If not explicitly set, num_nodes will be calculated via x.size(0). In general, you cannot rely on num_nodes == edge_index.max() + 1 because of isolated nodes.
https://github.com/rusty1s/pytorch_geometric/issues/1391#issue-649149066
So if I want to build a Data() from the above example edge_index, I should reorder the edge_index?
What do you mean by re-ordering? As far as I can see, there's no reason to modify it in the first-place.
https://github.com/rusty1s/pytorch_geometric/issues/1580#issuecomment-682341772
Oh! I have misunderstood the meaning here.

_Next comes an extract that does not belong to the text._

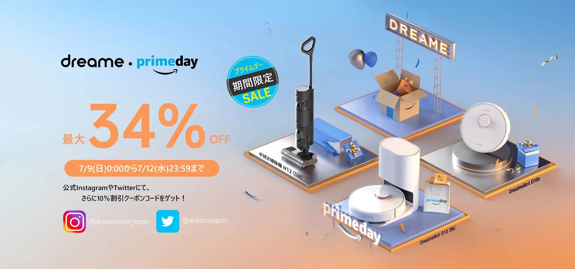シー・エフ・デー販売株式会社(社長:三谷弘次、本社:愛知県名古屋市)が代理店を務めますDreame Technology社(CEO:Yu Hao、本社:中国 蘇州)の水拭き対応ロボット掃除機と水拭き掃除機が、「プライムデー先行セール」期間を含む7月9日(日)00:00~7月12日(水)23:59の4日間にわたって開催される「Amazon プライムデー」におきまして、最大34%OFFとなります。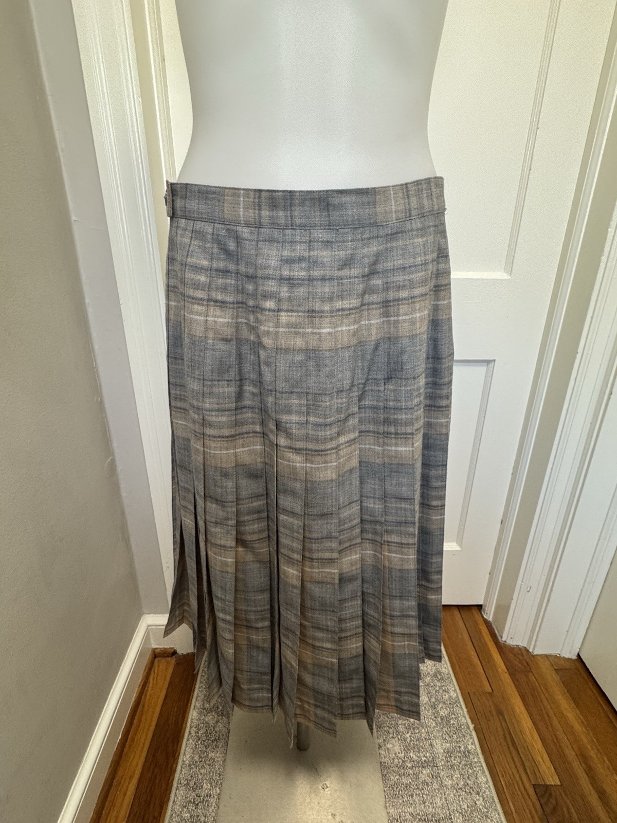 Vintage Pendleton 100 Virgin Wool Pleated Midi Skirt Plaid Grey Tan Sz 10 USA

I thought it means that I need to sort the edge_index.
For example, if I have a graph with [[0, 1], [1, 4], [1, 5], [1, 6], [0, 2], [2, 7], [0, 3], [3, 8], [3, 9], [3, 10], [3, 11]], then I need to reorder this to [[0, 1], [0, 2], [0, 3], [1, 4], [1, 5], [1, 6], [2, 7], [3, 8], [3, 9], [3, 10], [3, 11]].
For the above example (original order), I have 12 nodes and I have to give x with the length of 12?
If my x is torch.arrange(12), this means that node 0 will get x=0, node 1 get x=1, node 4 get x=2 and so on?
(1) edge_index does not need to be sorted.
(2) Yes, exactly :)
Got it!
l = np.array([[0, 1], [1, 4], [1, 5], [1, 6], [0, 2], [2, 7], [0, 3], [3, 8], [3, 9], [3, 10], [3, 11]]).transpose()
r = np.array([l[1, :], l[0, :]])
edge_index = torch.from_numpy(r)
train_loader = NeighborSampler(edge_index,
sizes=[2, 2], batch_size=1)
for batch_size, n_id, adjs in train_loader:
print("###")
for edge_ind, e_id, size in adjs:
print(e_id)
For the above code, Is there a more detailed description of batch_size, n_id returned by the NeighborSampler?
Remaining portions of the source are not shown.